One of our main targets is to develop better materials, which is really crucial to society. If you just consider metals, hundreds of millions of tons are consumed in the United States every year. So, coming up with better materials is a really big drive, economically speaking. But as it turns out, developing a new material is really, really time-consuming. From the time a new class of material is developed in the lab until it hits market, we’re talking about 10 to 20 years. So that’s a remarkably slow process. A lot of effort has been directed at trying to harness computation to shrink this development cycle to something that’s more manageable, like something on the order of 3 to 5 years.
Exascale will really help with this objective in that with current platforms, we’re quite limited in the system sizes we can do or the timescales we can reach. So whatever simulation we do, we are still fairly disconnected from real conditions that materials scientists care about. So we still need to build models that extrapolate our simulation results up to the real world, and this takes a long time and is very error prone. We hope that exascale will give us the ability to run simulations directly in the conditions that are relevant to the applications. I think this will really help in terms of the design and testing of novel materials; that will impact scientific discovery, for sure, but also industrial research. And since we focus on materials in extreme conditions, our work has impact on the national security side of DOE’s mission as well.
What is next for EXAALT?
- We’re quite excited to access very large machines as part of the big ECP allocation we have.
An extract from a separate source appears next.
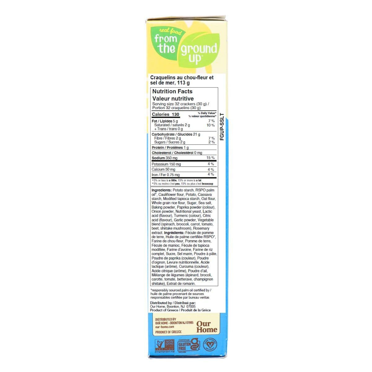 From The Ground Up is rooted in the belief that food should offer equal parts taste and nutrition. Our mission is to create balanced snacks for everyone to enjoy. We bring you familiar shapes and flavors of comfort products, but with a better-for-you twist! How do we make better-for-you taste delicious? Its easy, really. We gather the right mix of veggies and other clean ingredients to give you a guilt-free snack. Our Sea Salt Cauliflower Crackers are non-GMO, gluten-free, plant based and contains a good source of vitamins from veggies.
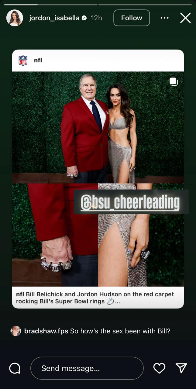 En la fotografía publicada en la cuenta de Instagram de la NFL, Belichick exhibió sus siete anillos de Super Bowl. Sin embargo, la exanimadora añadió a su historia de Instagram una imagen en la que llevaba otro tipo de anillo, lo que avivó aún más las especulaciones sobre un posible compromiso.

So our first step next year is really to show that we can run at scale on current machines and demonstrate that we can get useful science out of our efforts. On our team, we have two domain scientists who are specialists in materials for nuclear fusion and nuclear fission. They will start deploying the code in more of a research-type setting and show that it can scale and can produce really useful results. That’s our first big to-do item for next year.
- The second item is the second release of the EXAALT package where we’re going to roll out a set of brand new methods that will further expand the scope of the simulations we can do. At this point, EXAALT can do huge systems for short times or rather small systems for very long times. Next year, we are going to add the capability to be somewhere in between, i.e., to do rather large systems but also long timescales. That will be a big step closing the gap that we have now in the simulation space that we can reach.